June 2020 Editorial: Are Pedestrian Streets and Half-Empty Offices the New Normal?
As communities across the United States and the world begin to reopen after pandemic lockdowns, planners and architects are looking ahead to how we can safely work and move about in cities in this uncertain period before a coronavirus vaccine becomes widely available.
One of the most intriguing responses, well under way, is the closing of miles and miles of streets to automobiles. With traffic all but gone, and clean skies soaring overhead, cities from Oakland, California, to Berlin have opened up vast swaths of roadways to pedestrians and cyclists only. There are immediate practical reasons: many city sidewalks tend to be too narrow for social distancing, and there’s been a demand for more public space, as parks become crowded and cooped-up residents need room to walk or jog.
But the longer-term benefits to the health of both humans and the planet are obvious too, as carbon emissions and dirty air have radically decreased with much of the world’s population housebound. In Paris, Mayor Anne Hidalgo, who has long campaigned against traffic congestion, declared that the City of Light would never return to heavy car use post-pandemic. “Pollution joined up with coronavirus is a particularly dangerous cocktail,” she said. Indeed, a Harvard study has suggested a link between long-term exposure to air pollutants and death from the virus (even as the U.S. government rolls back clean-air regulations).

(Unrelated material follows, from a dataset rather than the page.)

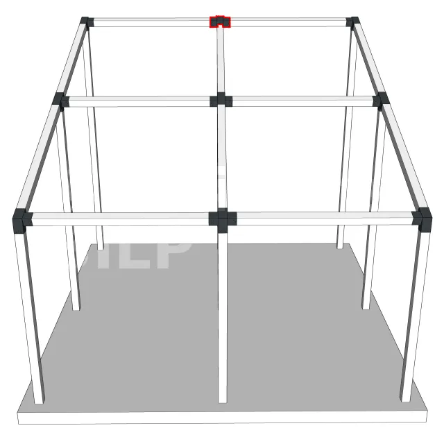 Connecteur d’angle intérieur à quatre directions conçu pour l’assemblage de poutres en section 120x120 mm avec un chevron de même section incliné à 20°. Il assure la jonction structurelle entre les éléments horizontaux, le chevron incliné et un poteau porteur vertical en 120x120 mm.

One major unknown is how many people—particularly in America—will give up their cars in the near future to walk, bike, or use public transit, especially with fears of crowded subway cars and buses. And will most street closures become permanent, or will those roads reopen to vehicles?

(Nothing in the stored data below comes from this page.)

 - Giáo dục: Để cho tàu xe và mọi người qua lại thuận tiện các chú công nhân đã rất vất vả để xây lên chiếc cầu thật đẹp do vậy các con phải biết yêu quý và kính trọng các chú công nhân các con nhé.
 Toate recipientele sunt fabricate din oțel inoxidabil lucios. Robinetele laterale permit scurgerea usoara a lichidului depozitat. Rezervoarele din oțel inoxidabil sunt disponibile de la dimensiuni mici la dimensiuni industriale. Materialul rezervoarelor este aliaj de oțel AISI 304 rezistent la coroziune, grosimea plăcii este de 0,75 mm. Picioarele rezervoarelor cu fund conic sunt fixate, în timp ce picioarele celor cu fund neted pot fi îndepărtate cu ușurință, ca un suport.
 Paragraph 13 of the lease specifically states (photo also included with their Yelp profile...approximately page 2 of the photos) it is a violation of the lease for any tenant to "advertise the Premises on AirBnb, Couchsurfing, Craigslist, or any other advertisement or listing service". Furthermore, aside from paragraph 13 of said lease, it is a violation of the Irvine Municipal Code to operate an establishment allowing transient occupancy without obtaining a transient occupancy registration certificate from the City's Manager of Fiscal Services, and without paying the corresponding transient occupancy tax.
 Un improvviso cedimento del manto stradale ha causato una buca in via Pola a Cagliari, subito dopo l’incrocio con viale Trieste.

And how many people, now working from home, will be commuting to work again? A number of architecture firms, such as Gensler, Perkins and Will, and HGA, are busy advising clients on adapting office space to the new normal, despite the stark reality that a multitude of white-collar workers will probably never return to their old desks full-time. Still, barriers between workstations and conference rooms arranged for just a few people—with the rest joining meetings remotely—are among the simpler social-distancing strategies that companies are putting in place now. Planners are also suggesting HVAC upgrades to reduce the risk of infection via air circulation. And offices should be adapted to accommodate some staff, some of the time, to keep a creative culture alive. Clients of SOM, for example, “have embraced collaborative or shared semi-public spaces,” says a firm director, Julia Murphy, allowing “different business segments to cross-pollinate. That won’t go away.”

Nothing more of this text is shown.